On Sept. 9, my 5-year-old son boarded a bus for his first day of kindergarten.
In some senses, this was no different from any other year. We spent weeks trying to get him excited for school (he is not a fan of changes). We went to kindergarten orientation, toured his classroom and sat on his new bus to try it out. We scrutinized transportation plans.
On the morning of his first day, we gathered his school supplies, packed his backpack and put together a lunch of his favorite foods. He stood outside our house waiting for the bus and—much to our gratification—clapped his hands excitedly as it pulled up. After he boarded the bus without so much as a backward glance, we shared a tearful moment with a half-furious, half-despairing 2-year-old who was left home without his older brother for the first time in months. All of this was a veneer of normalcy.

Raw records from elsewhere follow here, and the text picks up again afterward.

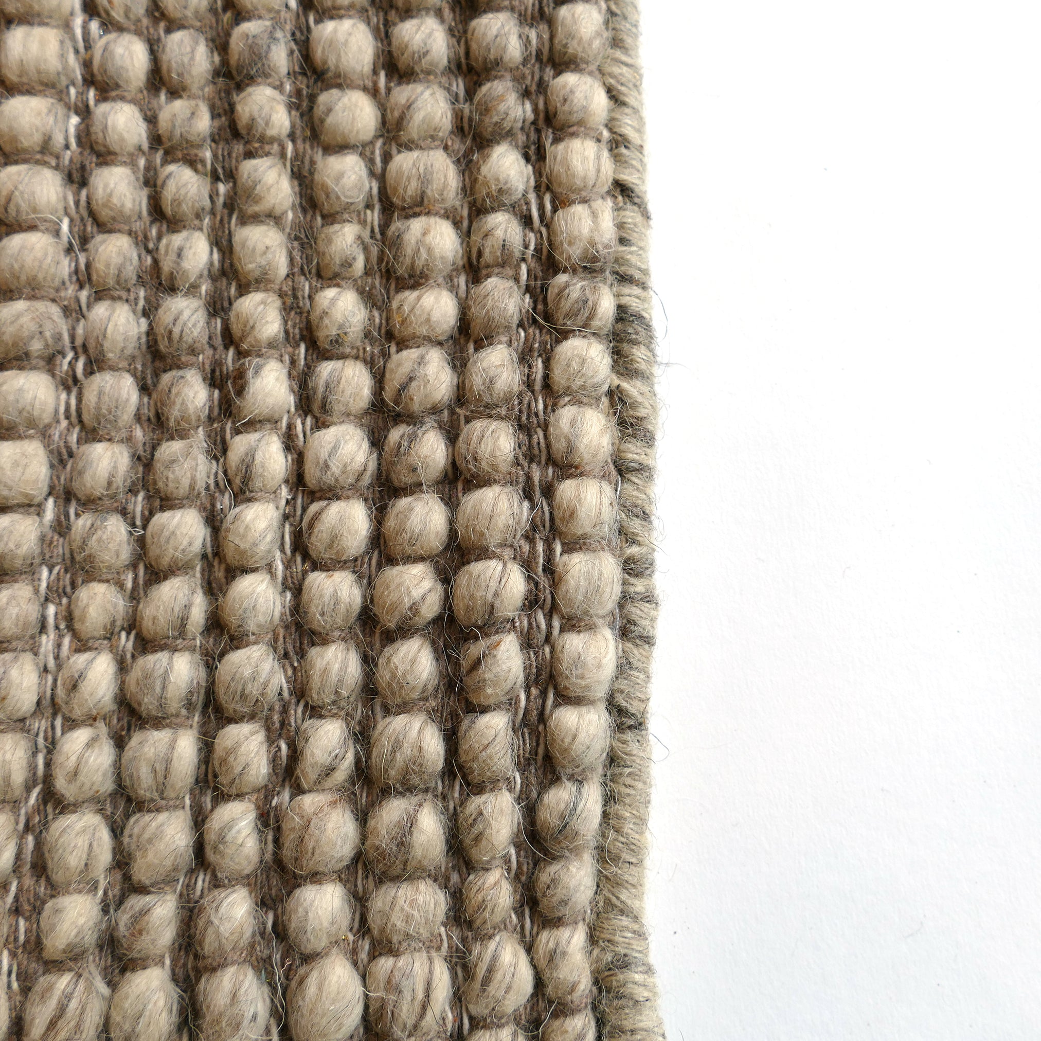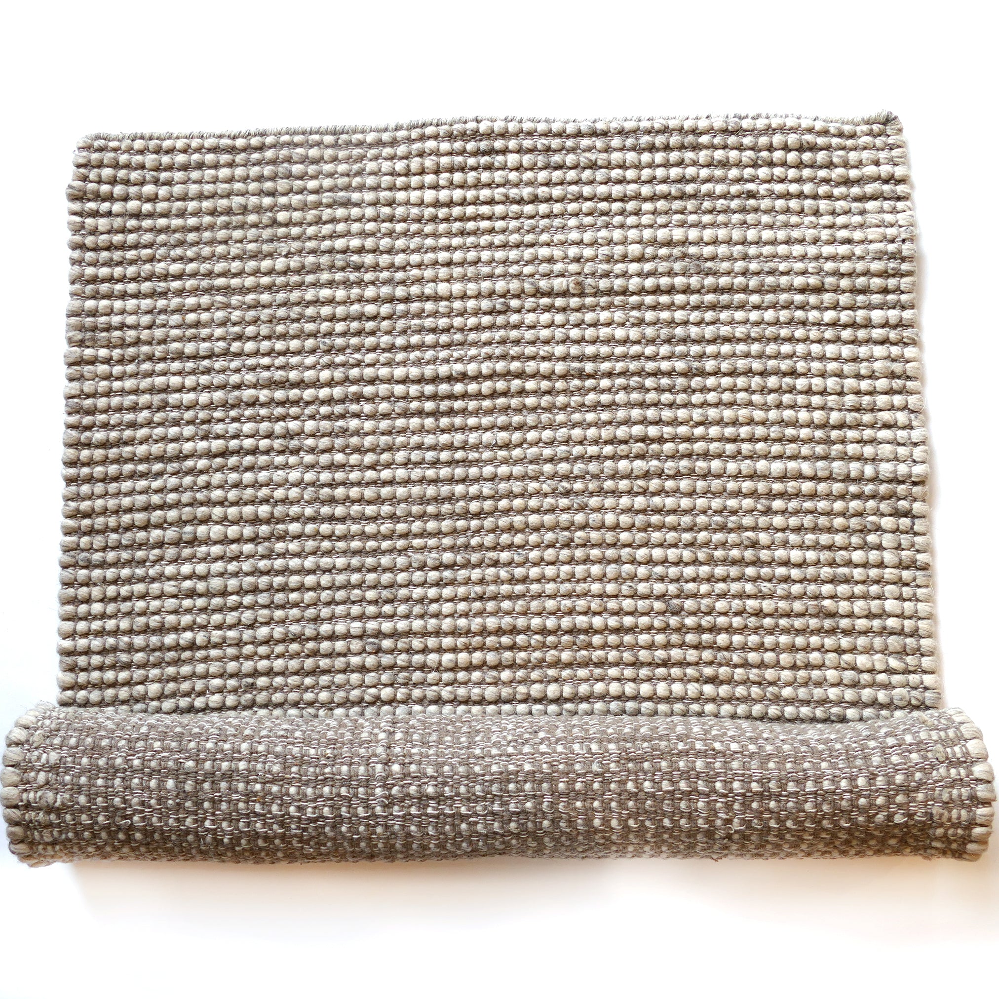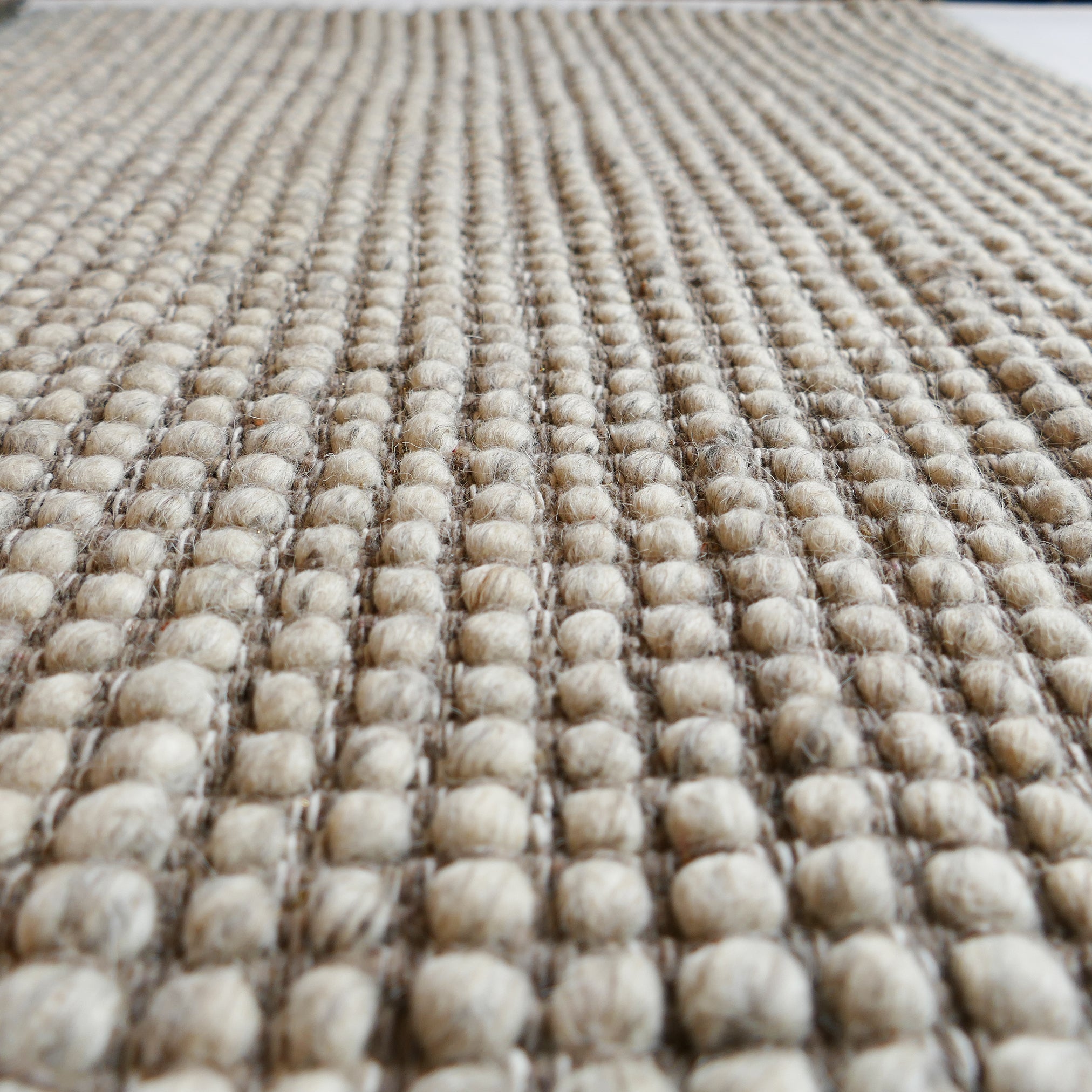 This wool rich rug has a thick weave. The tones of taupe and natural mixed yarns create a subtle and unique pattern on each chunky rug.
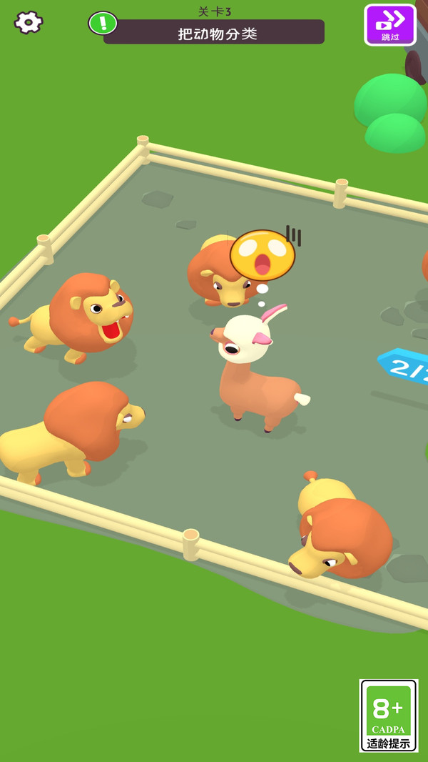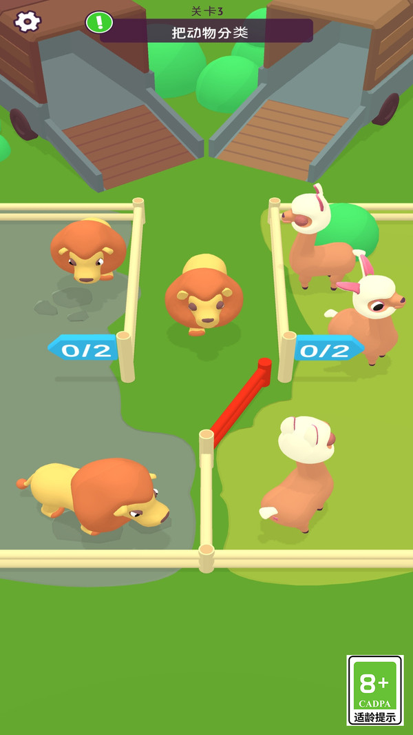 2、动物分类关卡中提前规划护栏分区,按哺乳、爬行等类别快速引导动物,减少来回调整次数。
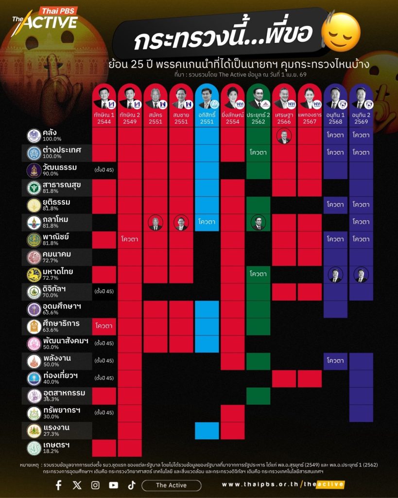 ในโอกาสที่ได้ ครม.ใหม่ นี้ The Active ชวนพูดคุยกับ รศ.ยุทธพร อิสรชัย รองศาสตราจารย์ประจำสาขาวิชารัฐศาสตร์ มหาวิทยาลัยสุโขทัยธรรมาธิราช และย้อนดูข้อมูล 25 ปี บนเส้นทางประวัติศาสตร์การเมืองไทย ตั้งแต่ ครม. สมัยนายกฯ ทักษิณ 1 เรื่อยมาถึงนายกฯ อนุทิน 2 ผ่าน ครม. กว่า 12 ชุด ว่าพรรคแกนนำที่ได้เป็นนายกฯ มักจะเลือกเข้าไปกำกับดูแลกระทรวงอะไรบ้าง และปล่อยให้พรรคร่วมรัฐบาลอื่น ๆ ดูกระทรวงไหนกันบ้าง
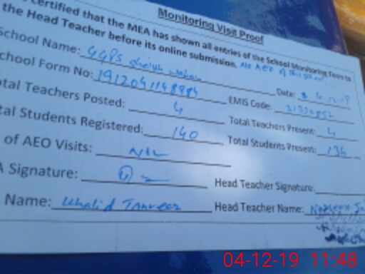| EMIS Code: 31330852 | Name of School: GGPS SHEIKH WAHIN NO. 1 | |||

But under that veneer, this year stood out from a normal first day of kindergarten. Along with his lunch and school supplies, his bag was packed full of clean masks and hand sanitizer. Boxes full of child-sized surgical masks wait at our door for him to take to school each day. Our towels now share a closet with a stockpile of home rapid antigen tests. When our son left that day, we had not seen his after-school program. No in-person orientation for adults would be held there. We had yet to meet his teachers in person and will not meet them, in all likelihood, any time soon. Pickup will be outdoors through the year; parents are barred from entering the school. The idea of seeing our child happily playing in his classroom is, at this point, a pipe dream.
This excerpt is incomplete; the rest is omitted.